Quantin C, Collin C, Frérot M, Besson J, Cottenet J, Corneloup M, Soudry-Faure A, Mariet A-S, Roussot A
Service de biostatistiques et d'information médicale (DIM), université Bourgogne Franche-Comté, CHRU Dijon, 21000 Dijon, France; Inserm, CIC 1432, Dijon University Hospital, Clinical Investigation Center, clinical epidemiology/clinical trials unit, 21000 Dijon, France; Biostatistics, Biomathematics, Pharmacoepidemiology and Infectious Diseases (B2PHI), Inserm, UVSQ, Institut Pasteur, université Paris-Saclay, 94800 Villejuif, France.
Direction scientifique et de la stratégie européenne, Agence nationale de sécurité du médicament et des produits de santé, pôle épidémiologie des produits de santé, 143/147, boulevard Anatole-France, 93285 Saint-Denis cedex, France.
Rev Epidemiol Sante Publique. 2017 Oct;65 Suppl 4:S226-S235. doi: 10.1016/j.respe.2017.03.133. Epub 2017 May 31.
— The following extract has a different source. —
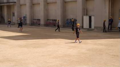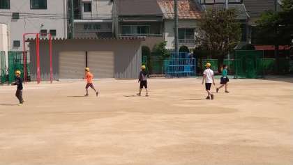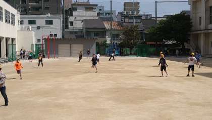 5年がたくさんの人数で「けいどろ」を4年女子が鉄棒をして遊んでいます。

The aim of the REDSIAM network is to foster communication between users of French medico-administrative databases and to validate and promote analysis methods suitable for the data. Within this network, the working group "Mental and behavioral disorders" took an interest in algorithms to identify adult schizophrenia in the SNIIRAM database and inventoried identification criteria for patients with schizophrenia in these databases.
The methodology was based on interviews with nine experts in schizophrenia concerning the procedures they use to identify patients with schizophrenia disorders in databases. The interviews were based on a questionnaire and conducted by telephone.
The synthesis of the interviews showed that the SNIIRAM contains various tables which allow coders to identify patients suffering from schizophrenia: chronic disease status, drugs and hospitalizations. Taken separately, these criteria were not sufficient to recognize patients with schizophrenia, an algorithm should be based on all of them. Apparently, only one-third of people living with schizophrenia benefit from the longstanding disease status. Not all patients are hospitalized, and coding for diagnoses at the hospitalization, notably for short stays in medicine, surgery or obstetrics departments, is not exhaustive. As for treatment with antipsychotics, it is not specific enough as such treatments are also prescribed to patients with bipolar disorders, or even other disorders. It seems appropriate to combine these complementary criteria, while keeping in mind out-patient care (every year 80,000 patients are seen exclusively in an outpatient setting), even if these data are difficult to link with other information. Finally, the experts made three propositions for selection algorithms of patients with schizophrenia.
Patients with schizophrenia can be relatively accurately identified using SNIIRAM data. Different combinations of the selected criteria must be used depending on the objectives and they must be related to an appropriate length of time.
REDSIAM网络的目标是促进法国医疗行政数据库用户之间的交流,并验证和推广适用于这些数据的分析方法。在这个网络中,“精神和行为障碍”工作组关注了在SNIIRAM数据库中识别成人精神分裂症的算法,并梳理了这些数据库中精神分裂症患者的识别标准。
该方法基于对九位精神分裂症专家的访谈,内容涉及他们在数据库中识别精神分裂症患者所采用的程序。访谈以问卷为基础,通过电话进行。
访谈综合显示,SNIIRAM包含各种表格,使编码人员能够识别患有精神分裂症的患者:慢性病状况、药物治疗和住院情况。单独来看,这些标准不足以识别精神分裂症患者,一种算法应基于所有这些标准。显然,只有三分之一的精神分裂症患者受益于慢性病状况。并非所有患者都住院,而且住院时的诊断编码,尤其是在内科、外科或产科短期住院时,并不详尽。至于抗精神病药物治疗,其特异性不足,因为双相情感障碍患者甚至其他疾病患者也会接受此类治疗。结合这些互补标准似乎是合适的,同时要记住门诊治疗情况(每年有8万名患者仅在门诊接受治疗),即使这些数据难以与其他信息相联系。最后,专家们提出了三项精神分裂症患者选择算法的建议。
使用SNIIRAM数据可以相对准确地识别精神分裂症患者。必须根据目标使用所选标准的不同组合,并且它们必须与适当的时间段相关。